The features I deleted are the best architecture decisions I made. The bot that exists now is simpler than what I planned — and substantially better for it.
FAQ
Why do more rules in a system prompt make AI characters worse?
LLMs treat all instructions as equally important. As token count grows, attention dilutes and later rules get silently dropped. 800–1,200 tokens is the practical compliance ceiling for base system prompts — past that, you’re adding rules that won’t consistently stick.
Should AI chatbot characters send proactive messages?
Rarely, and only if users opt in explicitly. Users who didn’t ask for proactive messages experience them as interruptions, not engagement. The retention data consistently favors responsive quality over outbound frequency.
What’s the difference between persona.md and rules.md?

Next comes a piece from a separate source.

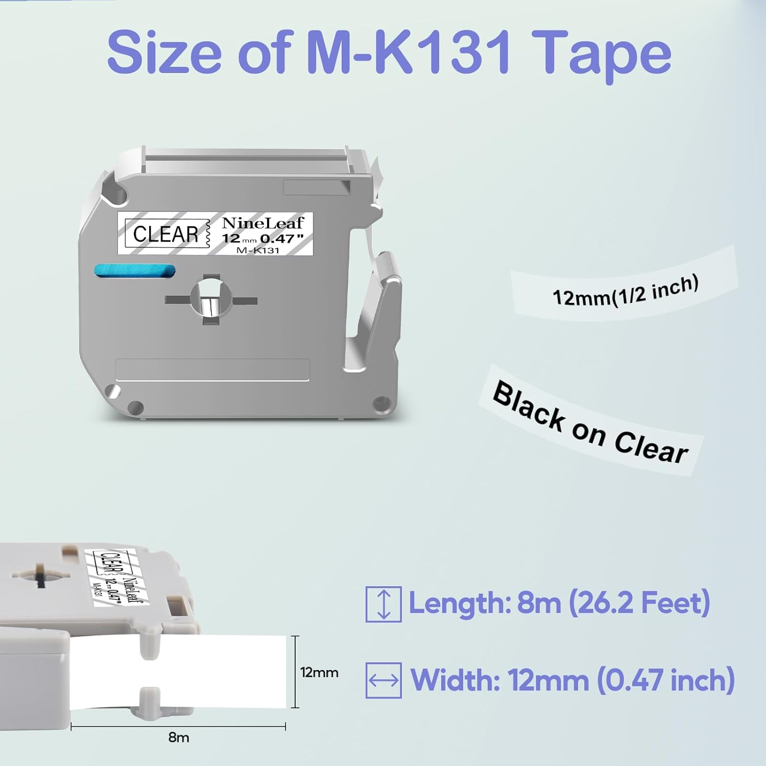 - NineLeaf Compatible for Brother P-touch MK131 M-K131 M131 M-K131S Non-Laminated Label Tape, Color:Black on Clear, Length:8m(26.2ft), Width:12mm(1/2")
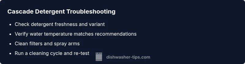 Urgent guide to diagnose Cascade detergent issues, from residue to poor cleaning. Learn quick checks, diagnostic flow, and step-by-step fixes with expert tips from Dishwasher Tips.

persona.md holds the character’s personality, speech patterns, background, and emotional range — the “who she is.” rules.md holds hard behavioral constraints — what she won’t do, format rules, escalation handling. Splitting them lets you inject each selectively and audit them independently.
How do you prevent GM Directive-style overcorrection in AI characters?
Don’t inject behavioral intentions into the system prompt externally. Let character development emerge from the conversation history. If you want characters to evolve, invest in memory retrieval and context summarization — not automated directive injection.